How the Real Return Calculator Works
This tool calculates the real return of your investment, meaning how much you actually earn in terms of purchasing power after subtracting taxes and inflation.
The Fisher Formula
To calculate the real return, the Fisher equation is used: Real Return = ((1 + after-tax return) / (1 + inflation)) - 1
This formula is more precise than simple subtraction (return - inflation) because it accounts for the compounding effect of inflation on capital.
Why Real Return Matters
Nominal return can be deceiving. An investment that yields 5% annually looks attractive, but after 26% taxes (net return 3.7%) and 2% inflation, the real return is only about 1.7%. This means that of every $100 in gross return, about $26 goes to taxes, about $37 is eroded by inflation, and only about $37 actually increases your purchasing power.

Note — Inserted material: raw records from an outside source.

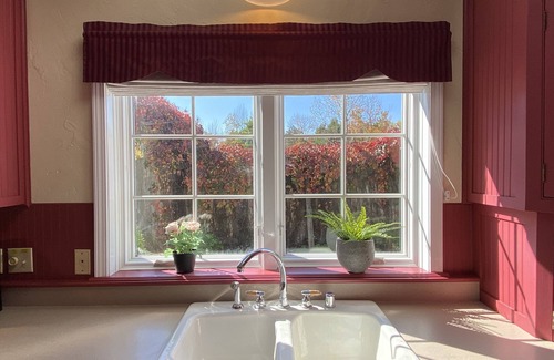 "Plum Retreat" is a private, and cozy-and-yet-spacious portion of an adorable cottage hiding behind an ornate garden gate, and sleeps 2-6 guests over two levels. The property is part of the picturesque "Green Gables" property in the north part of Ephraim, and is within easy walking distance to galleries, shops, mini-golf, breakfast and pizza, and a short drive from Ephraim village and the water. Green Gables itself has the flavor of a romantic bygone Americana era, and boasts beautiful manicured and award-winning gardens and additionally (in the past, and in the future!) another very large enclosed rear garden area (currently under exciting development). The property is suitable for couples or families and at night it's dark and quiet for stargazing. The house oozes feel-good charm, with lots of windows and natural light, architectural details, and plenty of space indoors and out, to play and relax in. Outside there's a fantastic patio lounge area and professional grill to enjoy, and inside a formal fireplace invites you to curl up on the sofa-bed (with an old record playing on the vintage stereo/record player)? Full kitchen, with oven, fridge, dishwasher, microwave, toaster etc. Upstairs there are two very large bedrooms (one with a king bed, the other with two queens), and there's a true queen sofa-bed downstairs. All the bedding is non-allergenic. Wi-fi, a 49" TV with cable channels, Netflix and Amazon Prime in the living room, and a washer and dryer upstairs. The space works well for families, or two small families to share, or just for a couple looking for a romantic or memorable Door County vacation. In response to COVID-19 cleaning and sanitizing will be thoroughly undertaken. Thank you!
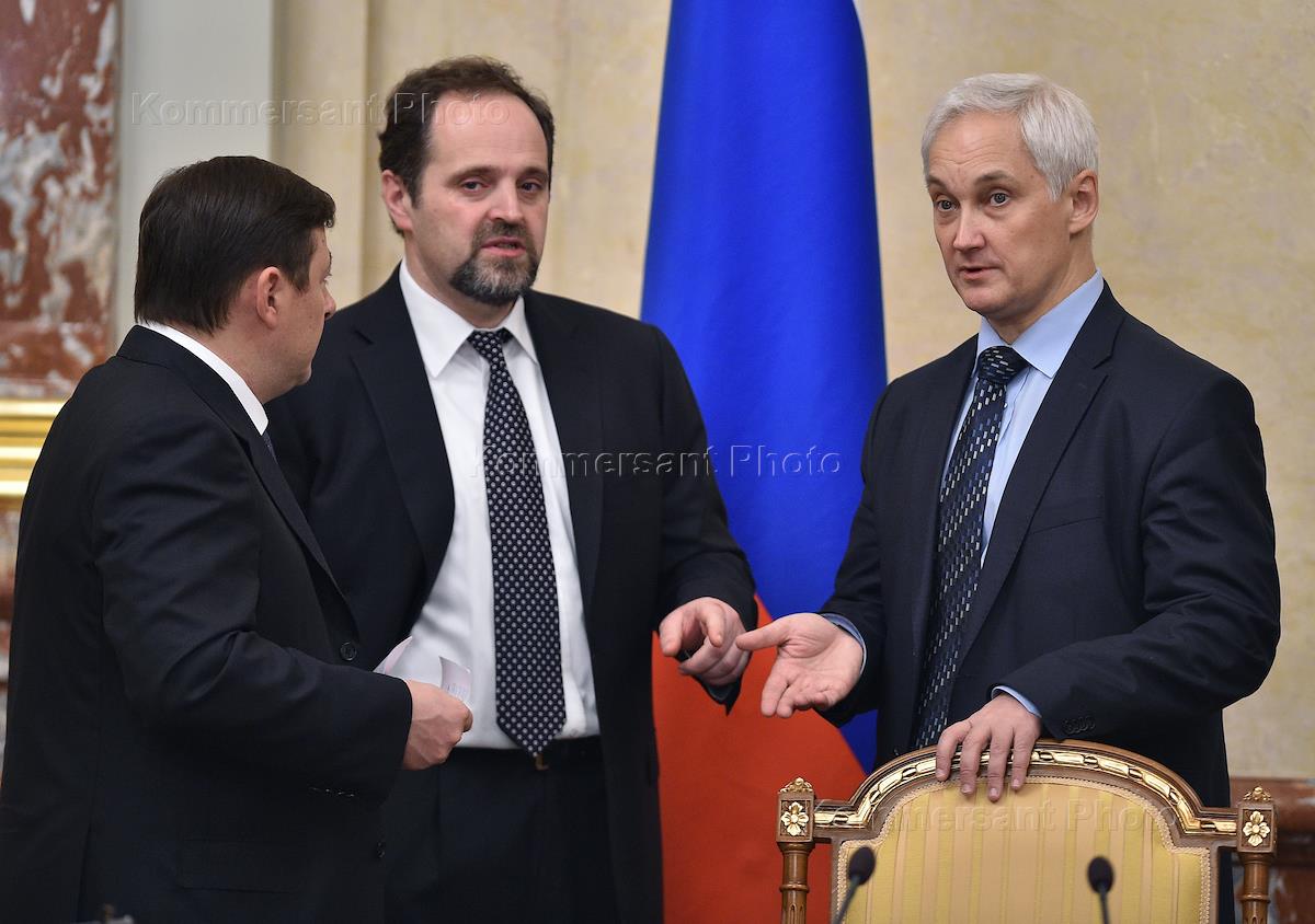 Помощник президента России Андрей Белоусов (cлева) и заместитель председателя правительства России…
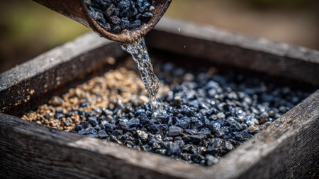 A captivating image of water pouring from a container into a dark blue barrel, showcasing the dynamic motion and shimmering surface of the liquid.
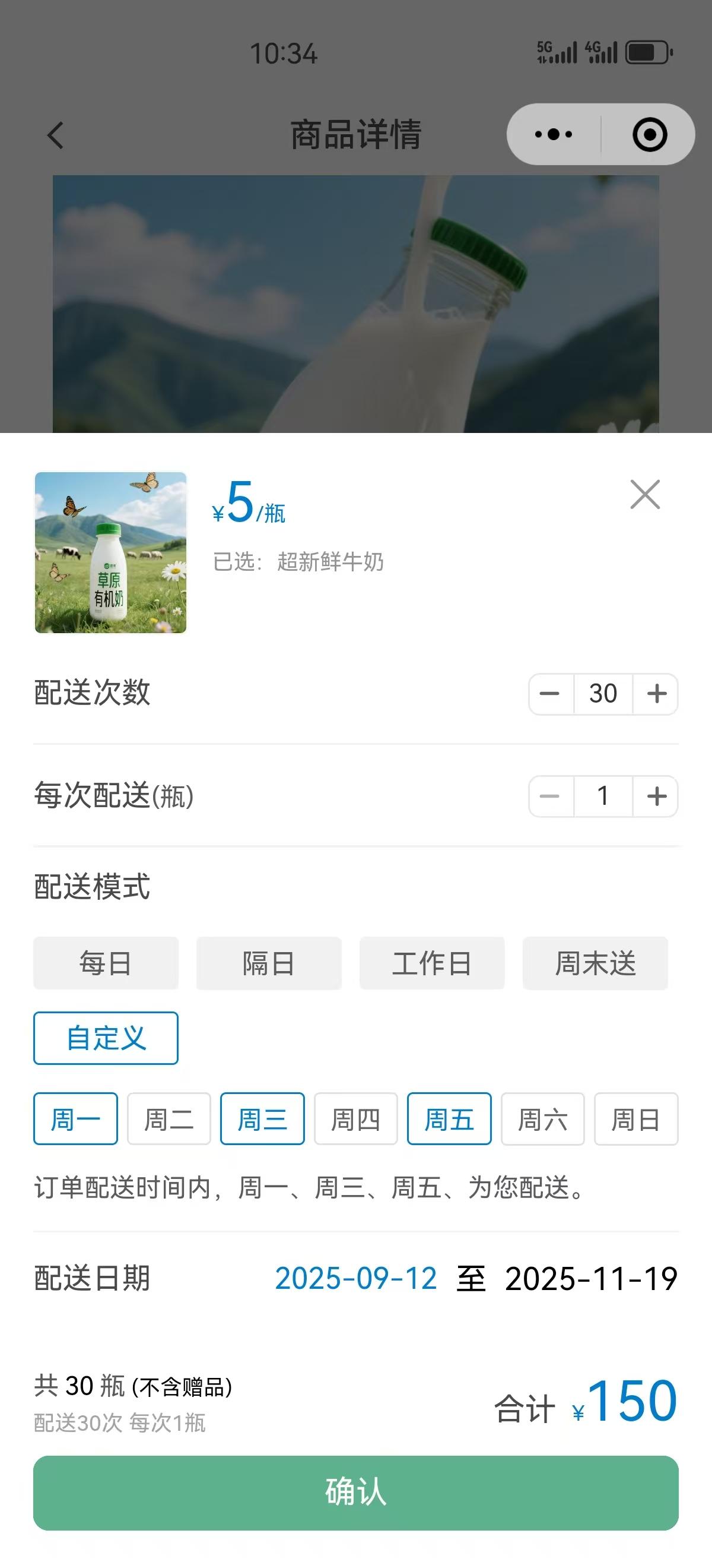 - 数量/次数/起送日期自由设定:订几瓶、送几次、何时开始送,清清楚楚、由客户自己掌控。
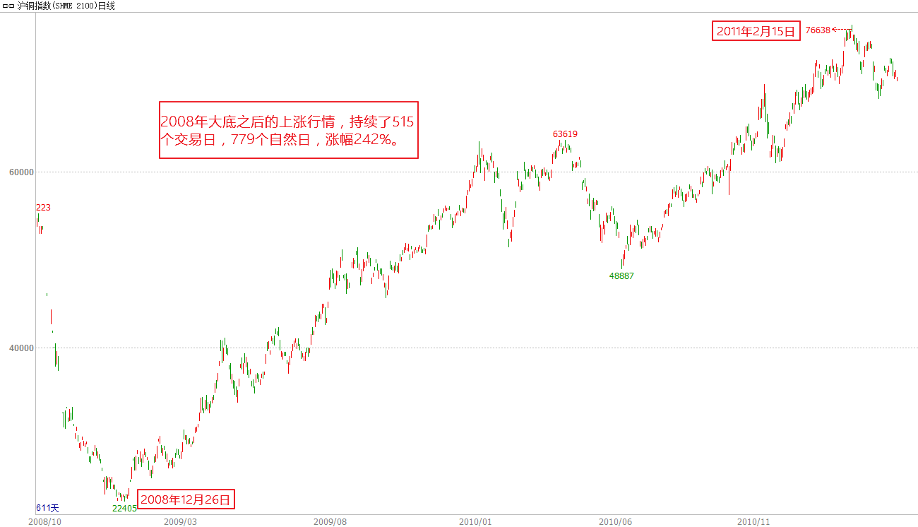 经历2008年的全球性金融风暴之后,铜自2008年12月26日见底之后走出了持续2年有余的震荡上行节奏,流动性持续泛滥、投资需求以及全球经济复苏驱动了铜价格的持续走高,历时515个交易日、779个自然日,达到了最大242%的涨幅,期间单月涨幅逾10%的有三个月,最大涨幅发生在2009年3月,达20%,最大跌幅为2010年1月的7.4%。

The Effect of Inflation Over Time
Inflation is a silent enemy. At 2% annually, purchasing power halves in about 35 years. This is why your investments must generate a positive real return: it is not enough to maintain nominal capital; you must grow faster than inflation.
Comparing Real Returns
Typical real returns by asset class (historical estimates, 2% inflation, after taxes): Checking account: about -2%; Savings account 3% gross: about +0.2%; Government bonds 3.5% gross: about +1%; Global equity ETF 7% gross: about +3%.